## Try it
Would you copy the lines below exactly and omit the images?

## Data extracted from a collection
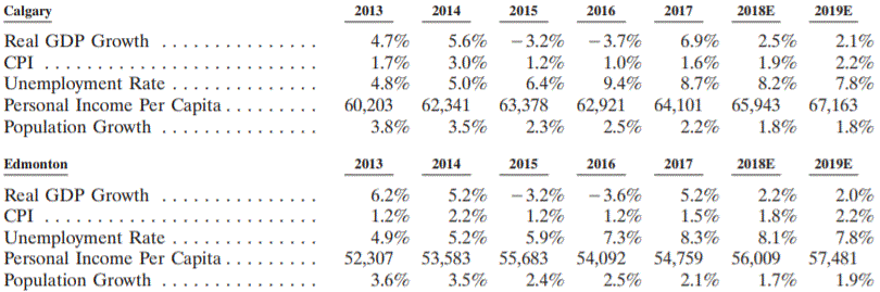 rental rates. Calgary was particularly affected as its primary industry is the oil and gas sector. Edmonton
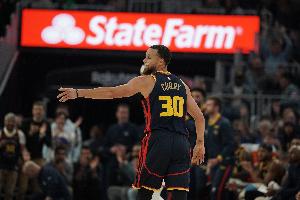 勇士当家球星库里本场比赛靠着自己的牵制力让队友早早打出状态,虽然自己出手不多,但还是帮助球队收获一场大胜。
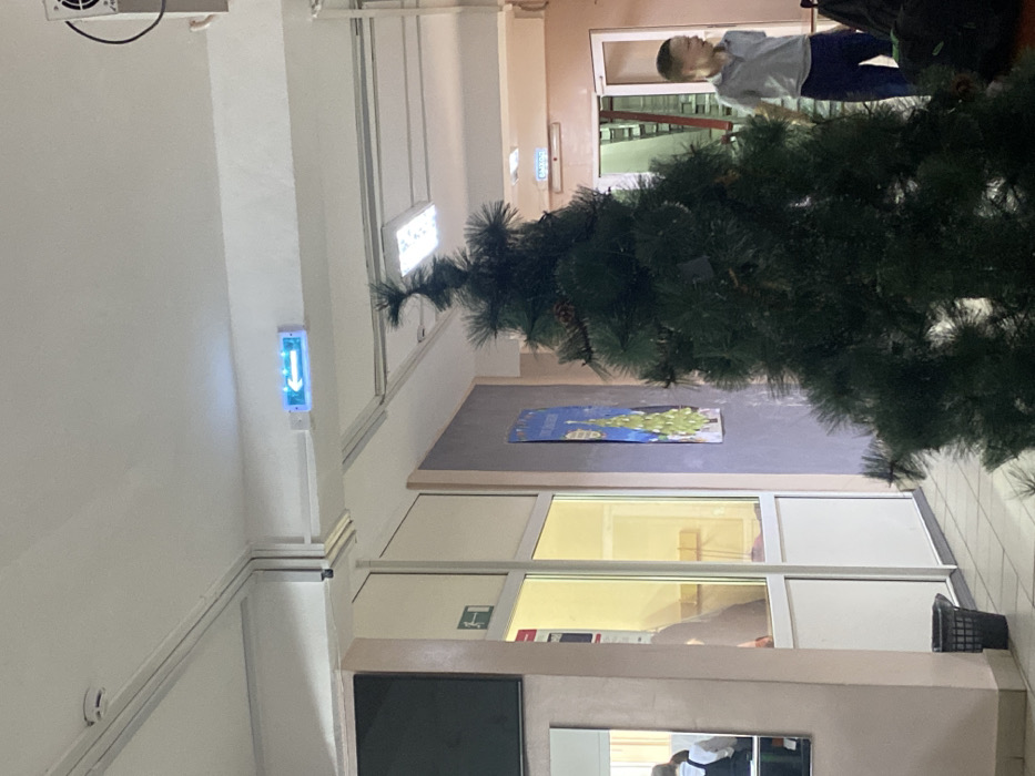 The image displays an interior hallway, likely within a public building or school, located in the city of Ольховка, Russia. A large, dark green artificial Christmas tree with visible pinecones stands prominently in the mid-ground, largely undecorated. To the right of the tree, a young male, approximately 8-12 years old, with light hair, is visible from the waist up, wearing a light grey collared shirt and dark blue trousers. He faces left, exhibiting an open-mouthed smile or laugh. Behind the Christmas tree, a blue poster featuring a green Christmas tree graphic is affixed to the wall. On the left side of the hallway, a glass-paneled door with an opaque white lower section leads to an interior room. A black plastic waste bin is situated next to this door. A small green 'H' symbol is visible on the door frame. Above, a black screen or monitor is mounted on the wall, and below it, a reflective surface shows a partial reflection of an individual wearing a white-collared garment. The ceiling is white, equipped with fluorescent light fixtures and a smoke detector in the upper left. A prominent, illuminated green exit sign with a left-pointing arrow is mounted high on the wall. Further down the hallway on the right, an open doorway leads to another area, above which a blue exit sign with the Russian word "ВЫХОД" and a right-pointing arrow is visible. White electrical conduit runs along the ceiling and upper walls.
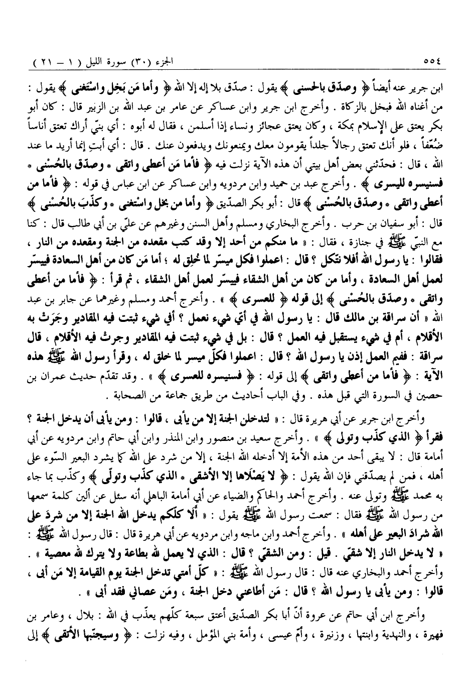 مَنْ أَغْنَاهُ اللَّهُ فَبَخِلَ بِالزَّكَاةِ. وَأَخْرَجَ ابْنُ جَرِيرٍ وَابْنُ عَسَاكِرَ عَنْ عَامِرِ بْنِ عَبْدِ اللَّهِ بْنِ الزُّبَيْرِ قَالَ: كَانَ أَبُو بَكْرٍ يَعْتِقُ عَلَى الْإِسْلَامِ بِمَكَّةَ، وَكَانَ يَعْتِقُ عَجَائِزَ وَنِسَاءً إِذَا أَسْلَمْنَ، فَقَالَ لَهُ أَبُوهُ: أَيْ بُنَيَّ أَرَاكَ تَعْتِقُ أُنَاسًا ضُعْفًا، فَلَوْ أَنَّكَ تَعْتِقُ رِجَالًا جُلُدًا يَقُومُونَ معك ويمنعونك وَيَدْفَعُونَ عَنْكَ. قَالَ: أَيْ أَبَتِ إِنَّمَا أُرِيدُ مَا عِنْدَ اللَّهِ، قَالَ: فَحَدَّثَنِي بَعْضُ أَهْلِ بَيْتِي أَنَّ هَذِهِ الْآيَةَ نَزَلَتْ فِيهِ فَأَمَّا مَنْ أَعْطى وَاتَّقى - وَصَدَّقَ بِالْحُسْنى - فَسَنُيَسِّرُهُ لِلْيُسْرى. وَأَخْرَجَ عَبْدُ بْنُ حُمَيْدٍ وَابْنُ مَرْدَوَيْهِ وَابْنُ عَسَاكِرَ عَنِ ابْنِ عَبَّاسٍ فِي قَوْلِهِ: فَأَمَّا مَنْ أَعْطى وَاتَّقى - وَصَدَّقَ بِالْحُسْنى قَالَ: أَبُو بَكْرٍ الصِّدِّيقُ وَأَمَّا مَنْ بَخِلَ وَاسْتَغْنى - وَكَذَّبَ بِالْحُسْنى قَالَ: أَبُو سُفْيَانَ بْنُ حَرْبٍ. وَأَخْرَجَ الْبُخَارِيُّ وَمُسْلِمٌ وَأَهْلُ السُّنَنِ وَغَيْرُهُمْ عَنِ عَلِيِّ بْنِ أَبِي طَالِبٍ قَالَ: كُنَّا مَعَ النَّبِيِّ صَلَّى اللَّهُ عَلَيْهِ وَسَلَّمَ فِي جِنَازَةٍ، فَقَالَ: «مَا مِنْكُمْ مِنْ أَحَدٍ إِلَّا وَقَدْ كُتِبَ مَقْعَدُهُ مِنَ الْجَنَّةِ وَمَقْعَدُهُ مِنَ النَّارِ، فَقَالُوا: يَا رَسُولَ اللَّهِ أَفَلَا نَتَّكِلُ؟ قَالَ: اعْمَلُوا فَكُلٌّ مُيَسَّرٌ لِمَا خُلِقَ لَهُ أَمَّا مَنْ كَانَ مِنْ أَهْلِ السَّعَادَةِ فَيُيَسَّرُ لِعَمَلِ أَهْلِ السَّعَادَةِ، وَأَمَّا مَنْ كَانَ مِنْ أَهْلِ الشَّقَاءِ فَيُيَسَّرُ لِعَمَلِ أَهْلِ الشَّقَاءِ، ثُمَّ قَرَأَ: فَأَمَّا مَنْ أَعْطى وَاتَّقى - وَصَدَّقَ بِالْحُسْنى إِلَى قَوْلِهِ لِلْعُسْرى» . وَأَخْرَجَ أَحْمَدُ وَمُسْلِمٌ وَغَيْرُهُمَا عَنْ جَابِرِ بْنِ عَبْدِ اللَّهِ «أَنَّ سُرَاقَةَ بْنَ مَالِكٍ قَالَ: يَا رَسُولَ اللَّهِ فِي أَيِّ شَيْءٍ نَعْمَلُ؟ أَفِي شَيْءٍ ثَبَتَتْ فِيهِ الْمَقَادِيرُ وَجَرَتْ بِهِ الْأَقْلَامُ، أَمْ فِي شَيْءٍ يُسْتَقْبَلُ فِيهِ العمل؟ قال: بل فِي شَيْءٍ ثَبَتَتْ فِيهِ الْمَقَادِيرُ وَجَرَتْ فِيهِ الْأَقْلَامُ، قَالَ سُرَاقَةُ: فَفِيمَ الْعَمَلُ إِذَنْ يَا رَسُولَ اللَّهِ؟ قَالَ: اعْمَلُوا فَكُلٌّ مُيَسَّرٌ لِمَا خُلِقَ لَهُ، وَقَرَأَ رَسُولُ اللَّهِ صَلَّى اللَّهُ عَلَيْهِ وَسَلَّمَ هَذِهِ الْآيَةَ: فَأَمَّا مَنْ أَعْطى وَاتَّقى إِلَى قَوْلِهِ: فَسَنُيَسِّرُهُ لِلْعُسْرى» . وَقَدْ تَقَدَّمَ حَدِيثُ عِمْرَانَ بْنِ حُصَيْنٍ فِي السُّورَةِ الَّتِي قَبْلَ هَذِهِ. وَفِي الْبَابِ أَحَادِيثُ مِنْ طَرِيقِ جَمَاعَةٍ مِنَ الصَّحَابَةِ.
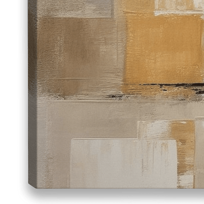 Geometrische Rust - Dit abstracte schilderij speelt met geometrische vormen in een zachte, doch expressieve compositie. De warme tinten geel, oker en grijze elementen vormen samen met wit een rustgevend palet. De textuur en verschillende lagen verf suggereren diepte en zorgen voor een boeiende dynamiek.
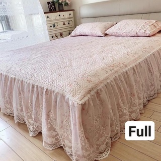 Bộ Ga Gối Phủ Cotton Trần Bông 3 Lớp - Ga Phủ Viền Bèo Đính Ren Công Chúa Hàng Nhập Khẩu
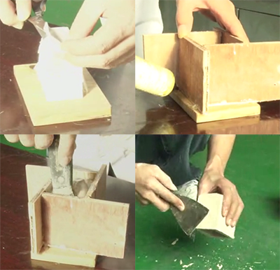 (3) 往木板围成的槽内倒入调好的石膏浆,倒的过程中,铲刀在槽中反复上下移动,使石膏浆完全注满木槽缝隙。
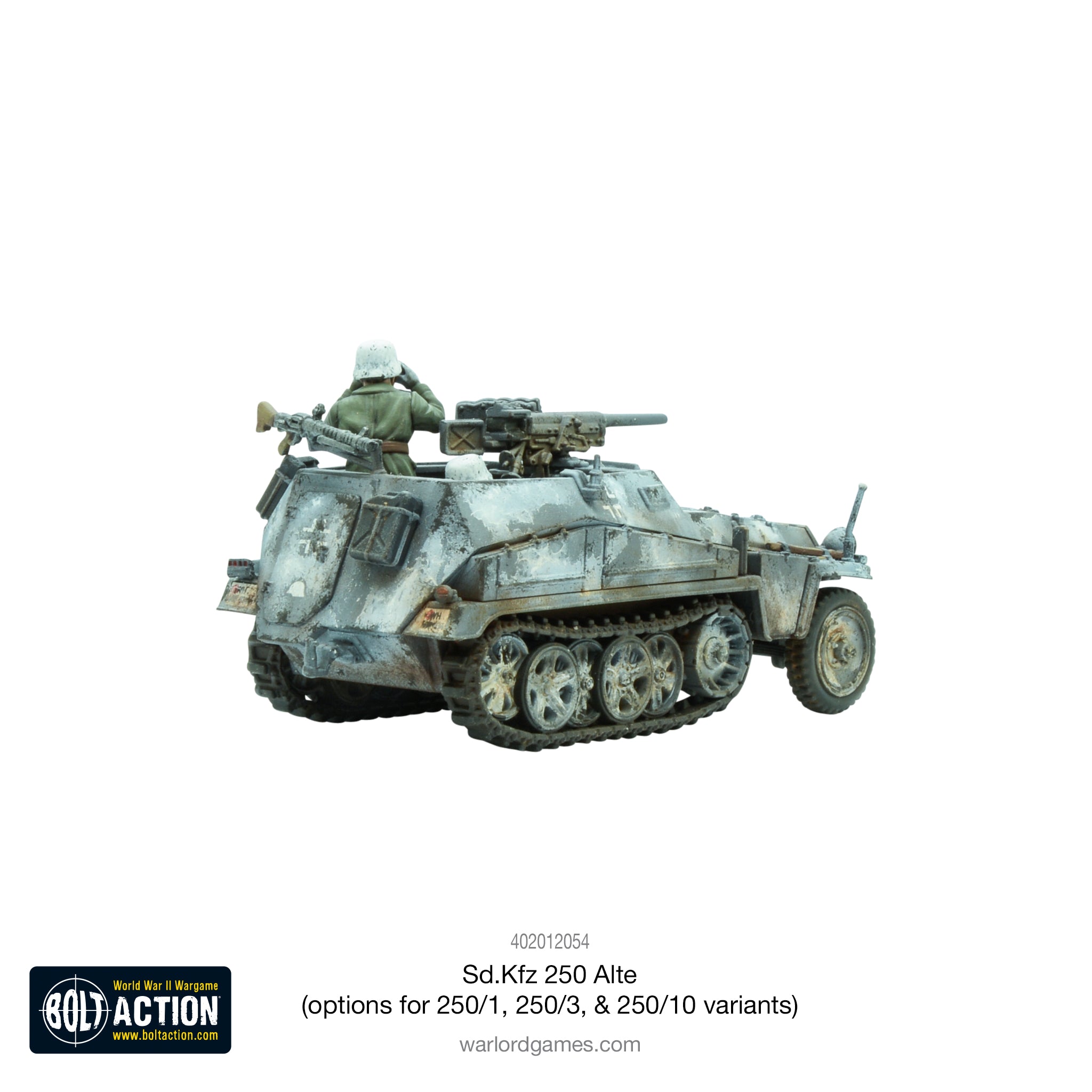 The Sd.Kfz 250/1 was a reconnaissance and transport half-track mainly used by scout and HQ units. The vehicle was a shortened version of the ubiquitous Sd.Kfz 251 Hanomag series and much like its longer cousin there were many variants fulfilling different roles, such as cable carriers, ammunition carriers and radio carriers, amongst others. It carried six men including the driver and the co-driver and was armed with two pintle-mounted MG34 machine guns, one shielded forward facing and the other covering the rear and air.

## Exercise solution
 rental rates. Calgary was particularly affected as its primary industry is the oil and gas sector. Edmonton
 勇士当家球星库里本场比赛靠着自己的牵制力让队友早早打出状态,虽然自己出手不多,但还是帮助球队收获一场大胜。
 The image displays an interior hallway, likely within a public building or school, located in the city of Ольховка, Russia. A large, dark green artificial Christmas tree with visible pinecones stands prominently in the mid-ground, largely undecorated. To the right of the tree, a young male, approximately 8-12 years old, with light hair, is visible from the waist up, wearing a light grey collared shirt and dark blue trousers. He faces left, exhibiting an open-mouthed smile or laugh. Behind the Christmas tree, a blue poster featuring a green Christmas tree graphic is affixed to the wall. On the left side of the hallway, a glass-paneled door with an opaque white lower section leads to an interior room. A black plastic waste bin is situated next to this door. A small green 'H' symbol is visible on the door frame. Above, a black screen or monitor is mounted on the wall, and below it, a reflective surface shows a partial reflection of an individual wearing a white-collared garment. The ceiling is white, equipped with fluorescent light fixtures and a smoke detector in the upper left. A prominent, illuminated green exit sign with a left-pointing arrow is mounted high on the wall. Further down the hallway on the right, an open doorway leads to another area, above which a blue exit sign with the Russian word "ВЫХОД" and a right-pointing arrow is visible. White electrical conduit runs along the ceiling and upper walls.
 مَنْ أَغْنَاهُ اللَّهُ فَبَخِلَ بِالزَّكَاةِ. وَأَخْرَجَ ابْنُ جَرِيرٍ وَابْنُ عَسَاكِرَ عَنْ عَامِرِ بْنِ عَبْدِ اللَّهِ بْنِ الزُّبَيْرِ قَالَ: كَانَ أَبُو بَكْرٍ يَعْتِقُ عَلَى الْإِسْلَامِ بِمَكَّةَ، وَكَانَ يَعْتِقُ عَجَائِزَ وَنِسَاءً إِذَا أَسْلَمْنَ، فَقَالَ لَهُ أَبُوهُ: أَيْ بُنَيَّ أَرَاكَ تَعْتِقُ أُنَاسًا ضُعْفًا، فَلَوْ أَنَّكَ تَعْتِقُ رِجَالًا جُلُدًا يَقُومُونَ معك ويمنعونك وَيَدْفَعُونَ عَنْكَ. قَالَ: أَيْ أَبَتِ إِنَّمَا أُرِيدُ مَا عِنْدَ اللَّهِ، قَالَ: فَحَدَّثَنِي بَعْضُ أَهْلِ بَيْتِي أَنَّ هَذِهِ الْآيَةَ نَزَلَتْ فِيهِ فَأَمَّا مَنْ أَعْطى وَاتَّقى - وَصَدَّقَ بِالْحُسْنى - فَسَنُيَسِّرُهُ لِلْيُسْرى. وَأَخْرَجَ عَبْدُ بْنُ حُمَيْدٍ وَابْنُ مَرْدَوَيْهِ وَابْنُ عَسَاكِرَ عَنِ ابْنِ عَبَّاسٍ فِي قَوْلِهِ: فَأَمَّا مَنْ أَعْطى وَاتَّقى - وَصَدَّقَ بِالْحُسْنى قَالَ: أَبُو بَكْرٍ الصِّدِّيقُ وَأَمَّا مَنْ بَخِلَ وَاسْتَغْنى - وَكَذَّبَ بِالْحُسْنى قَالَ: أَبُو سُفْيَانَ بْنُ حَرْبٍ. وَأَخْرَجَ الْبُخَارِيُّ وَمُسْلِمٌ وَأَهْلُ السُّنَنِ وَغَيْرُهُمْ عَنِ عَلِيِّ بْنِ أَبِي طَالِبٍ قَالَ: كُنَّا مَعَ النَّبِيِّ صَلَّى اللَّهُ عَلَيْهِ وَسَلَّمَ فِي جِنَازَةٍ، فَقَالَ: «مَا مِنْكُمْ مِنْ أَحَدٍ إِلَّا وَقَدْ كُتِبَ مَقْعَدُهُ مِنَ الْجَنَّةِ وَمَقْعَدُهُ مِنَ النَّارِ، فَقَالُوا: يَا رَسُولَ اللَّهِ أَفَلَا نَتَّكِلُ؟ قَالَ: اعْمَلُوا فَكُلٌّ مُيَسَّرٌ لِمَا خُلِقَ لَهُ أَمَّا مَنْ كَانَ مِنْ أَهْلِ السَّعَادَةِ فَيُيَسَّرُ لِعَمَلِ أَهْلِ السَّعَادَةِ، وَأَمَّا مَنْ كَانَ مِنْ أَهْلِ الشَّقَاءِ فَيُيَسَّرُ لِعَمَلِ أَهْلِ الشَّقَاءِ، ثُمَّ قَرَأَ: فَأَمَّا مَنْ أَعْطى وَاتَّقى - وَصَدَّقَ بِالْحُسْنى إِلَى قَوْلِهِ لِلْعُسْرى» . وَأَخْرَجَ أَحْمَدُ وَمُسْلِمٌ وَغَيْرُهُمَا عَنْ جَابِرِ بْنِ عَبْدِ اللَّهِ «أَنَّ سُرَاقَةَ بْنَ مَالِكٍ قَالَ: يَا رَسُولَ اللَّهِ فِي أَيِّ شَيْءٍ نَعْمَلُ؟ أَفِي شَيْءٍ ثَبَتَتْ فِيهِ الْمَقَادِيرُ وَجَرَتْ بِهِ الْأَقْلَامُ، أَمْ فِي شَيْءٍ يُسْتَقْبَلُ فِيهِ العمل؟ قال: بل فِي شَيْءٍ ثَبَتَتْ فِيهِ الْمَقَادِيرُ وَجَرَتْ فِيهِ الْأَقْلَامُ، قَالَ سُرَاقَةُ: فَفِيمَ الْعَمَلُ إِذَنْ يَا رَسُولَ اللَّهِ؟ قَالَ: اعْمَلُوا فَكُلٌّ مُيَسَّرٌ لِمَا خُلِقَ لَهُ، وَقَرَأَ رَسُولُ اللَّهِ صَلَّى اللَّهُ عَلَيْهِ وَسَلَّمَ هَذِهِ الْآيَةَ: فَأَمَّا مَنْ أَعْطى وَاتَّقى إِلَى قَوْلِهِ: فَسَنُيَسِّرُهُ لِلْعُسْرى» . وَقَدْ تَقَدَّمَ حَدِيثُ عِمْرَانَ بْنِ حُصَيْنٍ فِي السُّورَةِ الَّتِي قَبْلَ هَذِهِ. وَفِي الْبَابِ أَحَادِيثُ مِنْ طَرِيقِ جَمَاعَةٍ مِنَ الصَّحَابَةِ.
 Geometrische Rust - Dit abstracte schilderij speelt met geometrische vormen in een zachte, doch expressieve compositie. De warme tinten geel, oker en grijze elementen vormen samen met wit een rustgevend palet. De textuur en verschillende lagen verf suggereren diepte en zorgen voor een boeiende dynamiek.
 Bộ Ga Gối Phủ Cotton Trần Bông 3 Lớp - Ga Phủ Viền Bèo Đính Ren Công Chúa Hàng Nhập Khẩu
 (3) 往木板围成的槽内倒入调好的石膏浆,倒的过程中,铲刀在槽中反复上下移动,使石膏浆完全注满木槽缝隙。
 The Sd.Kfz 250/1 was a reconnaissance and transport half-track mainly used by scout and HQ units. The vehicle was a shortened version of the ubiquitous Sd.Kfz 251 Hanomag series and much like its longer cousin there were many variants fulfilling different roles, such as cable carriers, ammunition carriers and radio carriers, amongst others. It carried six men including the driver and the co-driver and was armed with two pintle-mounted MG34 machine guns, one shielded forward facing and the other covering the rear and air.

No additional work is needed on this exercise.